1
$\begingroup$

Decide which of the following congruences are solvable, and if so, find all solutions:

a) $x^2 \equiv c \bmod 363$, where $c= 1,5,31$

b) $x^2 \equiv 54 \bmod 125$

Now, I know how to find which of those are solveable, but I have no idea how to find the solutions.

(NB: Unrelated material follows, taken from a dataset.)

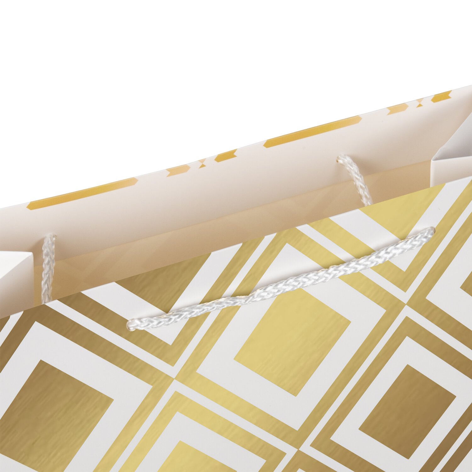Изготовлен из ламинированного мелованного картона с веревочными ручками из полипропилена. Размер – 26x13x32 см. Пакет выполнен в белом цвете с изображением абстракции в форме ромба. С лицевой стороны пакета некоторые детали покрыты тиснением золотистой фольгой.
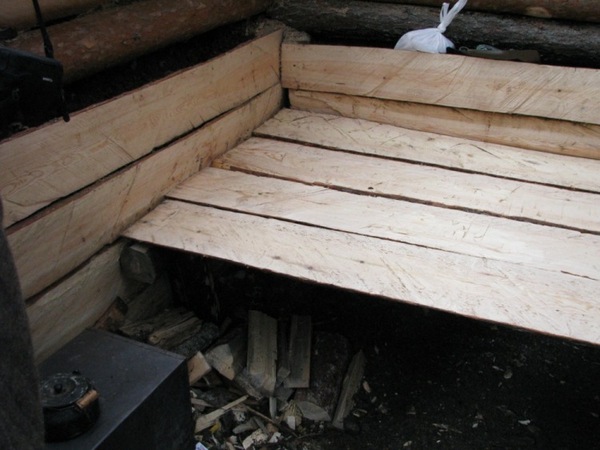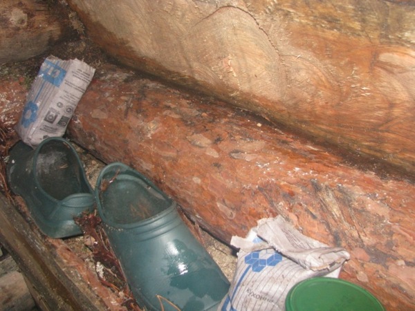 Нужно будет в следующий приезд забрать досками участки открытого песка, что бы не сыпался на нары, сделать полки и вешалки в удобных местах.

(For example b) is solvable).

Any ideas?

  • 1
    At $x=1$, $c=1$ is trivial.2017-01-01
  • 0
    @SimpleArt Yes, but for the nontrivial congruences?Is there any method generally to find it? Or a method for specific cases?2017-01-01
  • 0
    Note that $x^2\equiv0,1\pmod3$. Thus, we can already see $c=5$.2017-01-01
  • 1
    this is the modular log and not trivial, but it can be done depending on how many calculations you can afford.2017-01-01
  • 0
    for $c=1$ i have found $$x=1,122,241,362$$2017-01-01
  • 0
    Yes, use the symmetry of $(+x)^2=(-x)^2$ to find solutions faster.2017-01-01
  • 0
    @Dr.SonnhardGraubner How?2017-01-01
  • 0
    @ChakaChaka From my last hint, one only needs to check the first half of the values from $1$ to $363$.2017-01-01
  • 0
    @SimpleArt you can get something cheaper by using CRT, and when attacking mod $11^2$ first solving $\bmod 11$ to avoid a ton of cases.2017-01-01
  • 0
    @SimpleArt But it's still 181 numbers to check...2017-01-01
  • 0
    @JorgeFernándezHidalgo Why $mod \ 11$?2017-01-01
  • 0
    well, $363=11^2 \times 3$, you only have to check $22$ cases.2017-01-01
  • 0
    $11^2\times3=363$. Same idea as I used to show $c=5$ is not possible.2017-01-01

1 Answers 1

1

Perhaps these general ideas can help you:

Suppose that we want to solve $x^k \equiv c \bmod p_1^{\alpha_1}p_2^{\alpha_2}\dots p_n^{\alpha_n}$

It suffices to find the solutions $\bmod p^a$ for each prime power and then combine them using the chinese remainder theorem.

So how can we solve $x^k\equiv c \bmod p^a$?

One way is to do it inductively over $a$.

First find all the solutions to $x^k \equiv p^{a-1}$, so when we check for the solutions to $x^k\equiv p^{a-1}$ we only have to check congruences which also solved the previous equation.